The three levels of transmission must be fully connected, even though one is more emphasized than the other at times. For instance, the energetic initiation into pure consciousness must be supported by imparting the concepts of pure me, universal I am and horizontal surrender, and by the existential transmission of the knowledge of pure me so that the seeker can realize it as pure subjectivity; here the transmission from the teacher allows the seeker to experience his own internal revelation such as realizing, ‘oh yes, it is me, how extraordinary…’

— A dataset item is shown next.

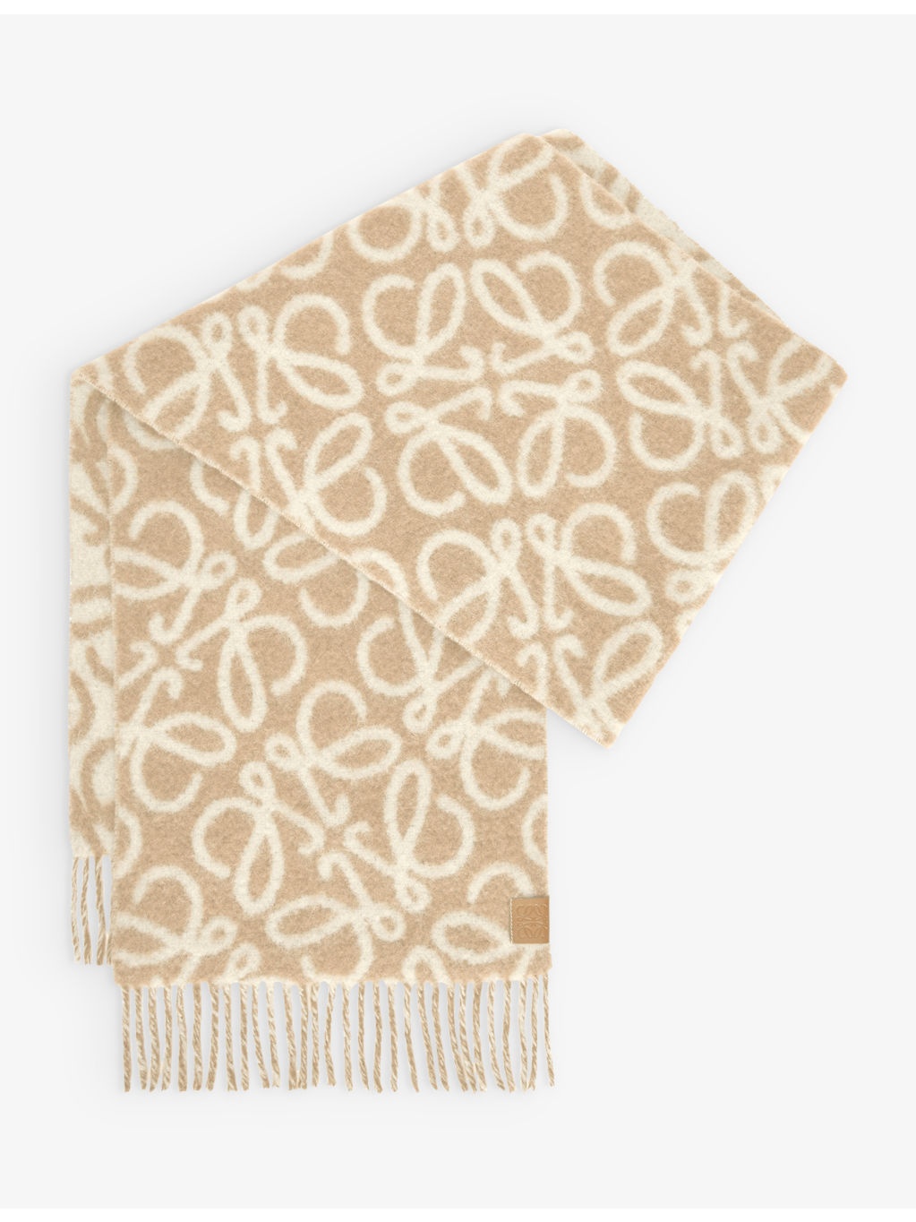 PRODUCT DETAILS - Loewe wool and alpaca-blend scarf - 47.5% alpaca, 28.5% wool, 19% polyamide, 5% leather - Self-tie fastening - All-over Anagram pattern, brushed texture, reversible, fringed edges, logo patch, contrast stitching - Length 200cm, width 35cm - Dry clean only Ref: R04180178

But, coming back to the practical application of spiritual imagination, since expanding the boundaries of our spiritual potential (including the potential for higher understanding) is not easy, a student must follow in the footsteps of someone who has already made this journey. The spiritual teacher is someone who has already mastered a higher level of the necessary spiritual imagination, and hence he is the source of the force of revelation; his intelligence has been synchronized with the evolutionary intelligence of both transcendent and immanent I am. But following in these footprints is not a passive process, it is a creative process, because the seeker has to realize within himself all that has now been made possible for him by the teacher. No one can be made to awaken, as this would be a contradiction in terms. Any movement of self-recognition or of surrender are acts of free will based on one’s own intelligence and intention. However, since different areas of spiritual evolution are difficult to grasp because of their subtle nature, a seeker must strive to develop his spiritual imagination and capacity to feel and understand. It is based on a teacher’s spiritual imagination that one can learn the art of cooperation with one’s evolution. This explains why those students who are overly passive, who lack the passion to cooperate through exploring their own self, have a hard time making any substantial progress on the path.

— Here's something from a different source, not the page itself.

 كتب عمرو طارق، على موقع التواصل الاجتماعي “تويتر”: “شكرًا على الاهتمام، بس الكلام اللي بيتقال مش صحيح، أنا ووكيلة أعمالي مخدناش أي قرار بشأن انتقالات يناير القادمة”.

One’s spiritual imagination must be linked to inner sensitivity and self-love. For instance, if a student is initiated to pure me of consciousness, he must feel that me as his own deeper self, he must meet himself in it and develop a profound intimacy with this new self which has now become an integral part of his identity and existence. He must use his own imagination to recognize that this pure me is indeed his own very me. Similarly, when we speak of horizontal surrender of pure me, a student needs to have the imagination to feel that which he is surrendering into, which is the universal I am. We often encounter students who, in their practice and experience, cannot differentiate between pure me and universal I am. How can this come about? It happens because they have no imagination. Their imagination, and the sensitivity which comes from it, is not sufficiently developed to grasp the subtle areas of their experience. We should remember that spiritual imagination is the bridge between intuition-feeling and understanding.

Or, to give another example: if a new student, whose observer is completely unconscious, is invited to explore ‘who’ is aware of his thoughts, he must use some degree of this kind of spiritual imagination to orient his attention towards recognizing the center of intelligence. A normal less evolved seeker will have no idea what we are talking about and will just return a blank stare, because he does not yet have enough intelligence. This underlines the principle that there is no intelligence without imagination, and spiritual imagination is an essential part and parcel of spiritual intelligence.

If a student is asked to surrender into the area that must be filled with pure subjectivity of fundamental me, not only must he surrender from his conscious me and pure conscious me into the space below his forehead, he must use his imagination and his sensitivity to feel what is there and to meet himself on that level. Or, when we speak of essence-me being the axle of conscious me, a student must use his imagination to feel that there is something at the center of conscious me that is deeper and even more profound than conscious me itself. He must become so intimate with his me that his imagination can identify such extremely subtle differentiations within his experience.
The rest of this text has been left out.